Probability quality appears in the validation reliability diagram before calibration (Figure 4) and in the test reliability diagrams after calibration (Figure 5 and Figure 6). Global feature reliance is reported as permutation importance for LR and RF (Figure 7 and Figure 8); model-agnostic explainability for the logistic model is shown via SHAP bar and summary plots (Figure 9 and Figure 10).
Figure 4. Validation reliability before calibration (LR); overconfidence at higher bins motivates post hoc calibration.
Figure 5. Test reliability after calibration (LR); closer adherence to the diagonal, especially in mid-probability bins.
Figure 6. Test reliability after calibration (RF); under-prediction improves, though dispersion remains at low probabilities.
Figure 7. Permutation importance on validation for LR (drop in average precision). Age and white ethnicity dominate, with smaller contributions from length of stay and sex.
Figure 8. Permutation importance on validation for RF; age and index length of stay lead, followed by ethnicity indicators.
Figure 9. SHAP (LR): mean absolute attributions; age carries the largest global impact, followed by white ethnicity and sex.
Figure 10. SHAP summary (LR): higher age values push risk upward; other features exert smaller, bidirectional effects consistent with permutation ranking.

3.4. Pipeline Overview

  • Operational Summary
Raw CSV extracts are converted to Parquet; timestamps define index admissions. A patient-level cohort is assembled and labels for diab_incident_365d are generated with a look-ahead window, enforcing temporal guards at cohorting and feature extraction so that only pre-index information enters the design matrix.
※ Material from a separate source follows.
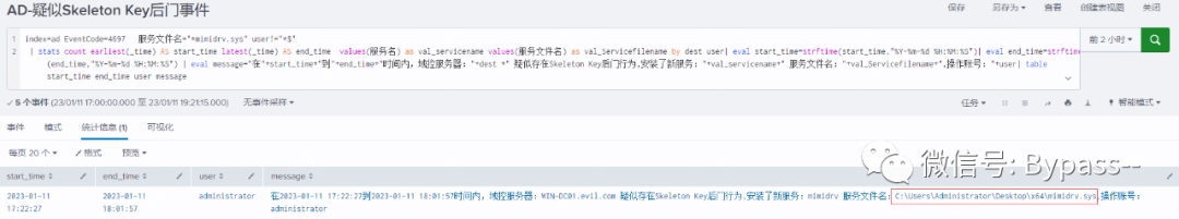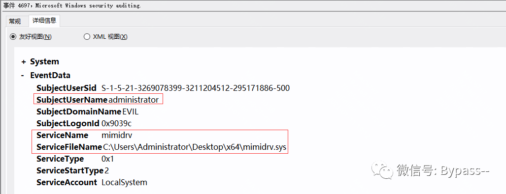 当攻击者尝试加载mimidrv.sys驱动时,将会生成4697事件,这个行为可作为安全日志中最为明显的特征进行识别检测。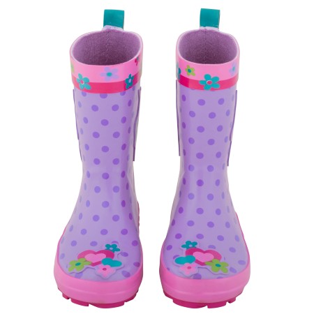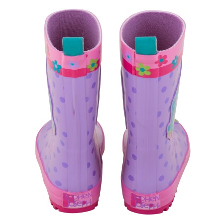 Otroški škornji zabavnih modelov omogočajo malčkom veselo in brezbrižno skakanje po lužicah. Zunanjost je vodo odporna saj je narejena iz 100% naravne gume in jo krasijo razigrane Stephen Joseph maskotice.

Features are imputed and (for LR only) standardized; the dataset is split into disjoint train/val/test partitions at the patient level. Models are tuned via inner CV on training only, calibrated on validation, and evaluated on the untouched test set via ROC/PR, decision curves, and reliability diagrams. Model reliance combines permutation importance (both models) and SHAP (LR) on validation samples. The pipeline overview is denoted by Figure 11.
Figure 11. End-to-end pipeline with temporal guards before cohorting and feature aggregation, and a patient-level split guard prior to partitioning. Calibrated probabilities feed ROC/PR metrics and decision-curve analysis; permutation importance and SHAP summarize reliance.
This is a single-center retrospective analysis; we therefore emphasize calibration quality and decision utility alongside discrimination and provide a deployment-oriented baseline under strict leakage control. External validation and richer temporal representations are left to future work (Section 6).

4. Discussion

Taken together, the figures provide a consistent view across discrimination, calibration, clinical utility, and model reliance under a leakage-safe pipeline with tuned baselines. After inner cross-validation on training data and post hoc calibration on validation, the calibrated logistic regression dominates the calibrated random forest on the held-out test set in both ROC and precision–recall space (Figure 1 and Figure 2). In an imbalanced endpoint such as incident diabetes at one year, the precision–recall overlay is especially informative and shows a persistent precision advantage for logistic regression over most recall levels.
Calibration materially improves probability quality. Before calibration, the logistic model exhibits overconfidence at higher bins on validation (Figure 4). Applying the selected mapping to test increases alignment with the identity line (Figure 5). The calibrated random forest also improves, but its predicted probabilities are concentrated in a narrower range (Figure 6), limiting granularity for downstream risk stratification. Because clinical workflows consume probabilities rather than ranks, these gains are consequential for thresholding and risk communication.
Decision-curve analysis integrates discrimination, prevalence, and threshold choice into net benefit as a function of the decision threshold. The per-model curves show that calibrated logistic regression achieves consistently higher net benefit across most clinically plausible thresholds, while calibrated random forest remains positive but generally lower.
Model understanding is concordant across permutation importance and SHAP for the logistic model. Age is the dominant predictor in both views, with additional reliance on index length of stay and selected demographic covariates (Figure 7, Figure 8, Figure 9 and Figure 10). The SHAP summary shows a monotone, clinically sensible pattern whereby higher age pushes risk upward, while other variables exert smaller, sometimes bidirectional, effects. These are statements of model reliance rather than causal claims, but they furnish an auditable trail to accompany performance and calibration diagnostics.
Several aspects delimit current utility and suggest improvements. The precalibration reliability for logistic regression departs from the identity line at higher probabilities (Figure 4), illustrating why uncalibrated scores should not be operationalized. Postcalibration, random-forest probabilities remain compressed (Figure 6), which hampers nuanced prioritization even when discrimination is acceptable. Net-benefit magnitudes are small (Figure 3).
With tuned baselines, strict leakage control, and explicit calibration and decision analysis, a compact calibrated logistic model already delivers stable, threshold-aware utility on MIMIC-IV. The modest absolute gains and residual calibration limitations set the agenda for external and temporal validation, longitudinal feature enrichment, and stronger calibrated baselines (e.g., gradient-boosted trees), rather than undermining the value of a deployable, auditable reference.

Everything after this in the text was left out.